I went on a date with C last night.
We took a train into the city for dinner and a baseball game. It was really, really fun even though I was making mistakes all night.
It all started when I left work. I was going to run home and shower, shave, and clean the place up a little bit so I knew I was on a tight schedule. I hopped in my car and the damn thing wouldn’t start. I have this annoying box in my car that turns off the engine when my car payment doesn’t go through, and for whatever reason my payment went through but my car still got turned off. So I was stranded at work. And I couldn’t get a hold of the guys at the dealership who can fix it! So I was panicking, of course. I ended up calling my brother to get a ride home and a few minutes later someone at the dealership must have gotten my messages because my car magically started up. That, of course, put me way behind schedule.
I got home and took the trash out, but just a couple minutes later C pulled up so I didn’t have any time to fix myself up. She wasn’t immediately turned off by my apartment, and I threw on some jeans and a t-shirt so we could get out the door. We kissed before leaving – she said she wanted to “get it out of the way early”. A sign of things to come…
We drove to the train station and got there just in time to catch the 4:30 departure. For some reason my credit card didn’t work. Ugh. A guy at the station mumbled something about catching a shuttle, I thought he was just weird but later on we would find out what he was talking about.
We got on the train and she got close, and given my predisposition to being super sensitive about personal space, I was surprisingly okay with it. We rode on the train for 15 or 20 minutes and then saw other people who were obviously heading to the game getting off the train. Apparently there was some construction on the tracks, so we had to get off the train and onto a shuttle bus. Ugh! So annoying.
We got on the bus. We were driving for about five minutes when I had the sickening realization that I had left our game tickets in my car. I kept my mouth shut. I had my iPhone and the email confirmation, so I put all my hope into the thought that they would be able to print me up some new tickets or something. But seriously, I was panicking.
We ended up having to get off the shuttle bus and back on a different train to finish the ride to the stadium. There were no seats open on that train so we had to stand and hold onto the railings. She got close. It was nice, holding on to each other.
We finally pulled up to the stadium, way later than we thought we would be arriving. I told her about the tickets. I said I had it under control. I asked a guy at the stadium what I should do, and since I had the confirmation email with the barcodes in it he said they would probably just scan them off my phone. It worked. Thank God. That could have been a disaster, I am grateful for technology!
We got something to eat…something got in my eye and I spent five minutes crying it out. So embarrassing.

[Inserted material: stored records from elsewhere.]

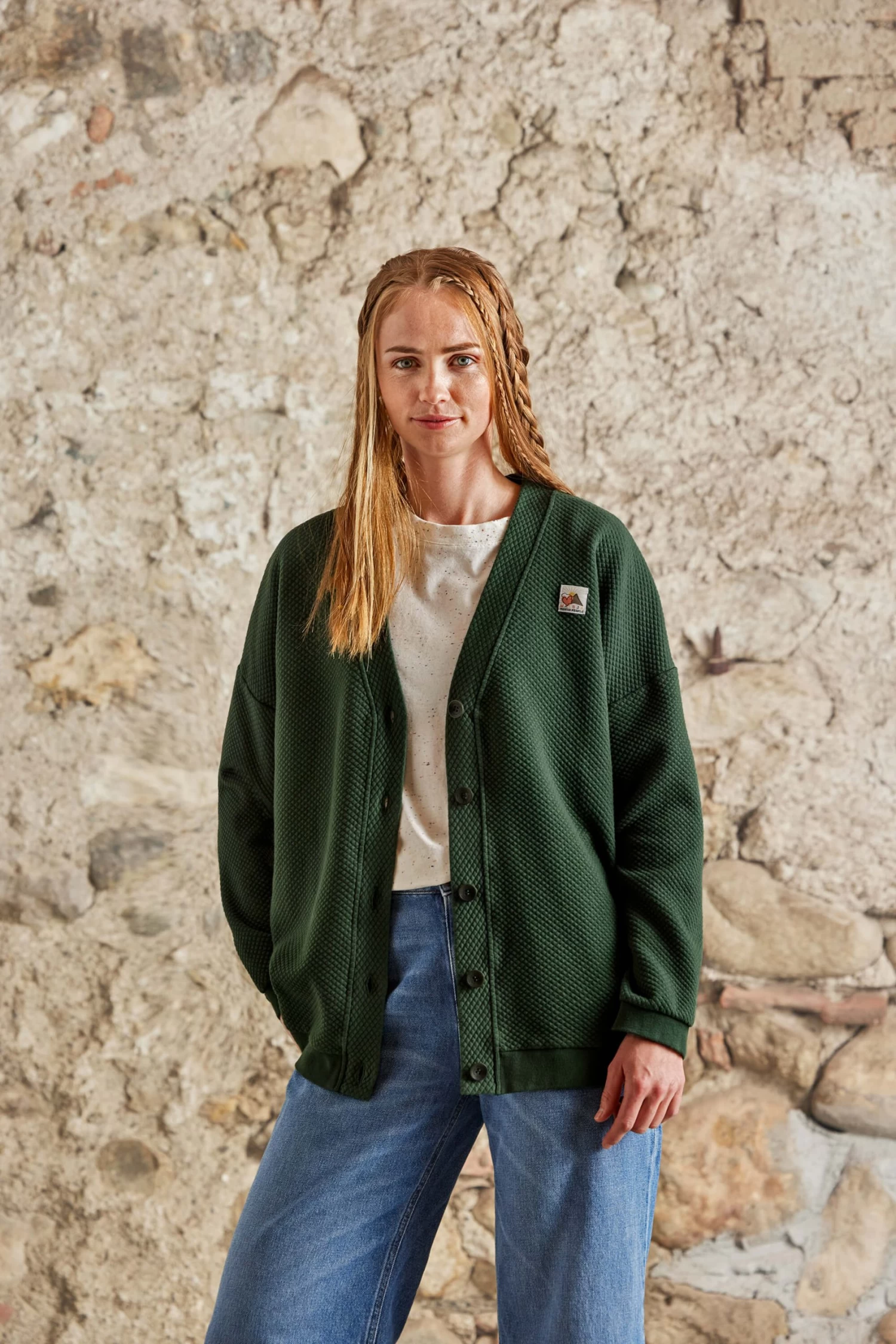 Die geknöpfte maloja FalbenM ist aus Sweat bubble und weit und lässig geschnitten. Die tief angesetzten Ärmel sind am Bündchen gerafft.
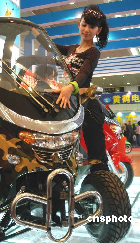 4月2日,在武汉开幕的湖北首届电动自行车展览会上,车模成为展会亮点。中新社发 楚天行 摄
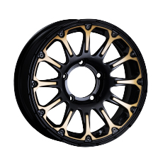 製品の特長 SPOKE いかなる悪路にも対応できるストロングな12スポーク。 施されたポリッシュ部は、あえてスポークエンドからセンターに向けてフラットに設計することで、新色<ディープゴールド>を最大限にアピールし、性能とデザイン性を両立している。 DETAIL 補強リブをアウターリム全体に施すことにより、ホイール全体の強度を確保。 想定外の環境に対応する設計を追求。 ダミーピアスは、SUVの足に相応しい造形を演出するアクセントとして、スポークエンドに一つ一つ手作業で打ち込んでいる。 CENTER CAP それぞれのP.C.Dに合わせた、最適なセンターキャップを用意。 6HOLE用には専用のハイタイプを設定。ワイルド&タフなデザインを採用することで、4WDに見劣りしない屈強さを与える。 5HOLE用&4HOLE用には、シンプルなフラットキャップを採用。 ※16×5.5J 5/139.7用はセンターキャップの設定はございません。ジムニー /ジムニーシエラには純正リアキャップが装着可能。
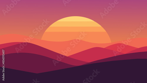 Sunset over Rolling Hills Abstract Minimalism in Vector Art

What else could go wrong?
We got some drinks and headed to our seats. They were decent seats, I did a good job picking them out. She kissed me again. I liked it.
After the first two or three innings we got up to walk around. There was a wonderful breeze blowing through the stadium, so we found a little sitting area and chilled there for a while – most of the game, actually. She really wanted to kiss. I was okay with it. I think it had been a while since either of us had been that close to another person, and we were really hitting it off, and she looked really nice. And we talked. We have a lot in common, and she is incredibly easy to talk to. We opened up about a lot of things. It was refreshing.
By the 8th inning people were headed for the doors so we walked back over to the train station to get a ride back to my car. More kissing. Gah, she is a good kisser.
The ride back to my car took forever. More shuttle buses. More walking across train tracks. I didn’t like that so much, but there was – you guessed it – more kissing.
We drove back to my place. I let her come inside. We sat on the couch and made out for a while. It got pretty hot. It was late, so I walked her back to her car. More kissing. It was hard to let her leave.
On one hand, I had an awesome time. It felt good to get close to someone, not just some random person but someone who I feel comfortable with and can open up to and have something in common with. On the other hand, I’m afraid. I’m afraid of moving too fast. I’m afraid of the possibility of getting into a relationship. I’m afraid of things going from PG to PG-13 to R. I’m afraid of how *some* people might react to me dating someone – some already know, some won’t care, but some might not like it. Should I even care what some people think? I don’t know. And then I get to thinking, is this a case where I should feel the fear and do it anyway? Or, in this case, is my fear my mind’s way of protecting me from getting hurt? I don’t know.
I do want to see her again. Maybe that’s all that matters.